- **SUPPLIED MATERIAL**
================================

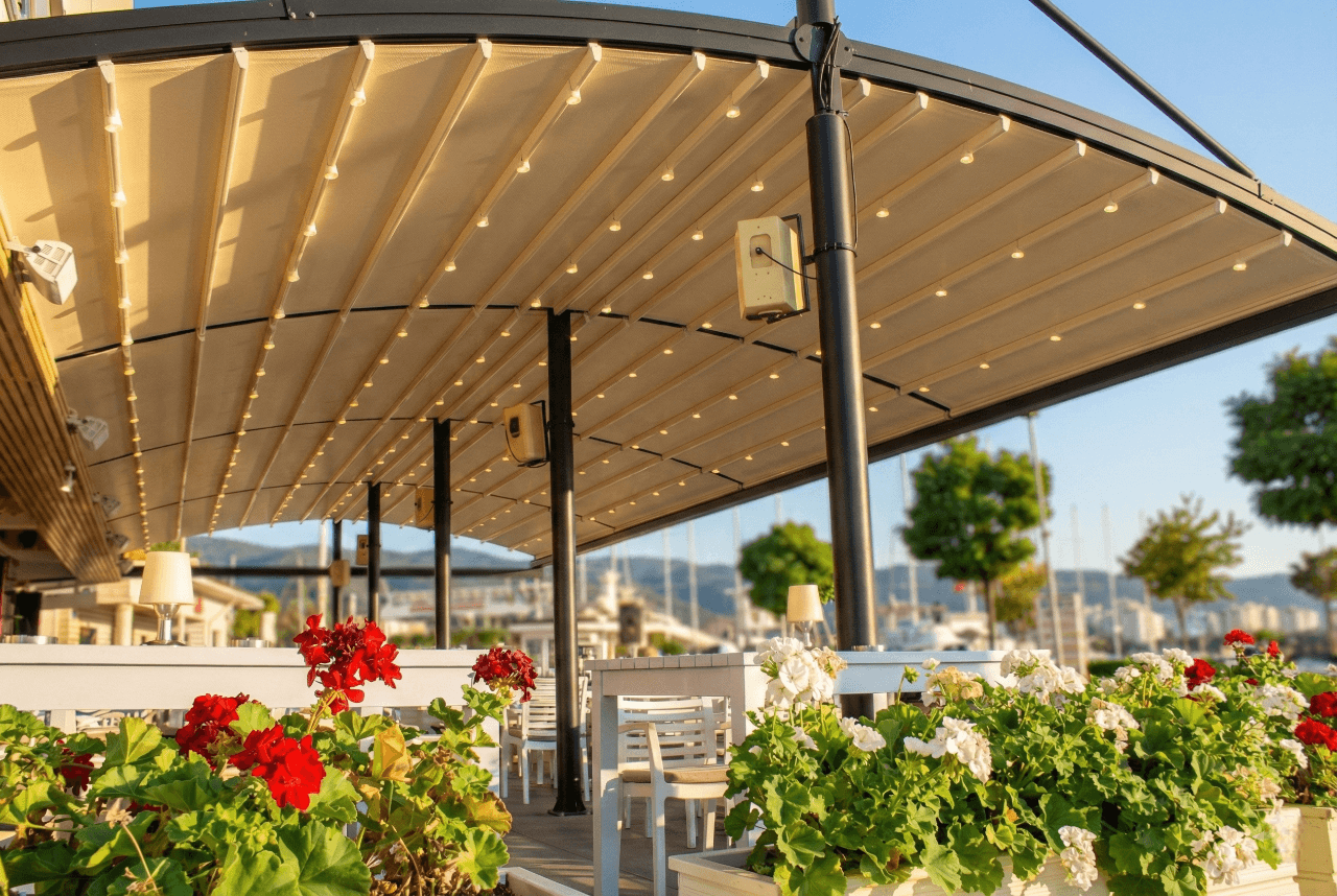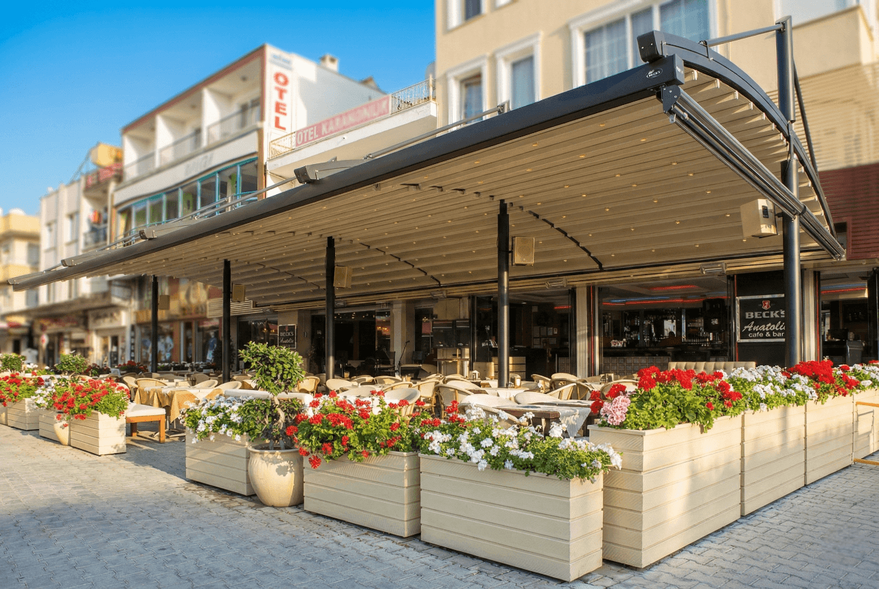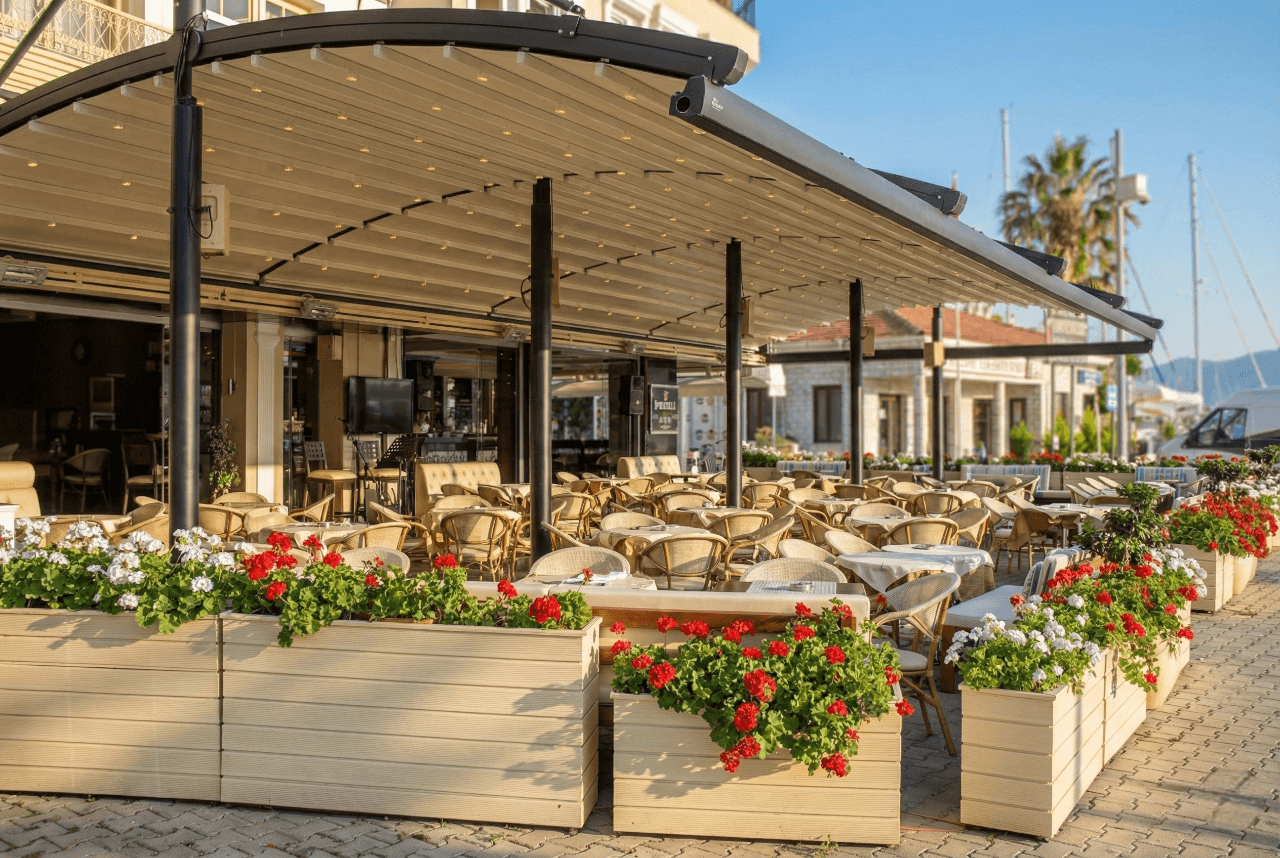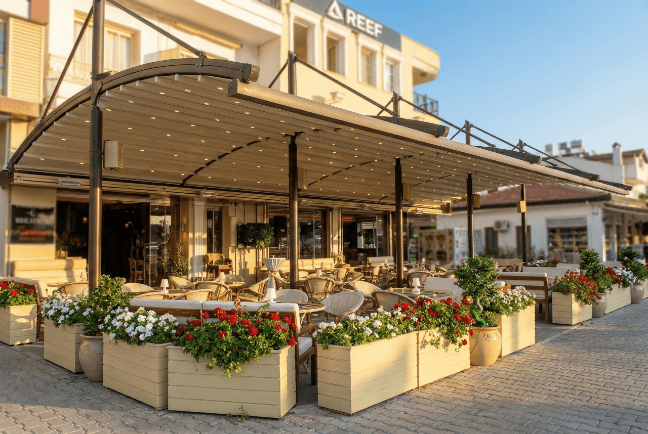 Anatolia Bar’ın o büyüleyici sahil şeridinde, çiçeklerle bezeli terası ve radius modelin zarafeti birleşince ortaya Marmaris’in en çok tercih edilen buluşma noktalarından biri çıktı. Anatolia Bar'ın o beyaz çiçek kutularıyla kavisli siyah/füme Pergola profillerinin oluşturduğu kontrast gerçekten nefes kesici. Yat limanından geçen herkesin dönüp bir daha baktığı bu proje, Selçuk Tente'nin estetik vizyonunun Marmaris'teki en güzel yansımalarından biri oldu. Siz de mekanınıza mimari bir imza atmak ve Pergola modellerimizi online sipariş ile incelemek için sitemizi ziyaret edebilirsiniz:
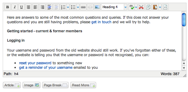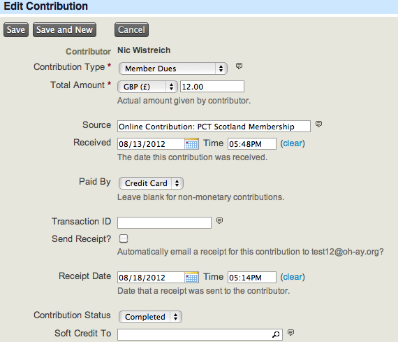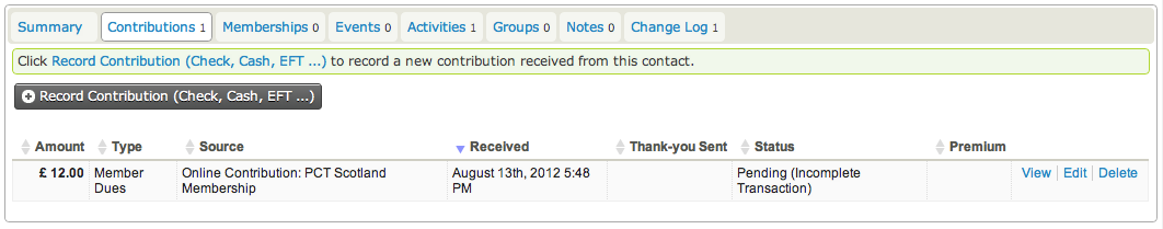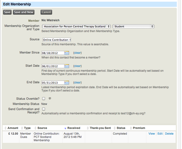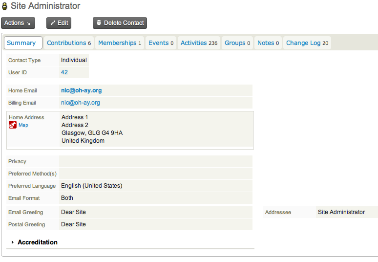 On the user’s record you can view (by clicking on the tabs) membership and payment history (called ‘Contributions’), notes and contact details. Clicking the ‘Accreditation’ word at the bottom will reveal their accreditation details provided at sign-up – and if they wish to appear in the directory or receive the newsletter. By clicking on the ‘Actions’ button, you can send an email, record a note, print a letter. By clicking the ‘Edit’ button, you can edit any of the details for this member (including opting them out of newsletters and the member directory. You can of course also Delete the member. The only thing this record doesn’t contain is their login password and access level (ie if they are a website administrator).
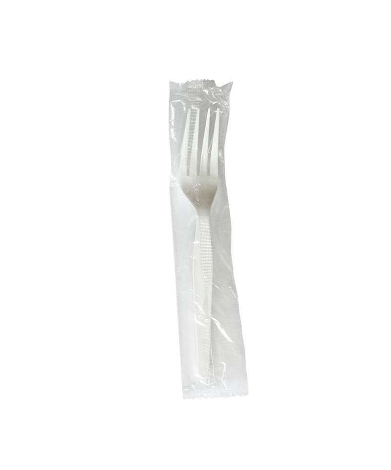 Heavyweight Wrapped Polystyrene Cutlery, Fork, Plastic, White, 1,000/Carton

================================

- **TASK REQUIREMENTS**
Write out all the material verbatim, images excluded.

- **SOLUTION TO THIS TASK**
 Anatolia Bar’ın o büyüleyici sahil şeridinde, çiçeklerle bezeli terası ve radius modelin zarafeti birleşince ortaya Marmaris’in en çok tercih edilen buluşma noktalarından biri çıktı. Anatolia Bar'ın o beyaz çiçek kutularıyla kavisli siyah/füme Pergola profillerinin oluşturduğu kontrast gerçekten nefes kesici. Yat limanından geçen herkesin dönüp bir daha baktığı bu proje, Selçuk Tente'nin estetik vizyonunun Marmaris'teki en güzel yansımalarından biri oldu. Siz de mekanınıza mimari bir imza atmak ve Pergola modellerimizi online sipariş ile incelemek için sitemizi ziyaret edebilirsiniz:
 On the user’s record you can view (by clicking on the tabs) membership and payment history (called ‘Contributions’), notes and contact details. Clicking the ‘Accreditation’ word at the bottom will reveal their accreditation details provided at sign-up – and if they wish to appear in the directory or receive the newsletter. By clicking on the ‘Actions’ button, you can send an email, record a note, print a letter. By clicking the ‘Edit’ button, you can edit any of the details for this member (including opting them out of newsletters and the member directory. You can of course also Delete the member. The only thing this record doesn’t contain is their login password and access level (ie if they are a website administrator).
 Heavyweight Wrapped Polystyrene Cutlery, Fork, Plastic, White, 1,000/Carton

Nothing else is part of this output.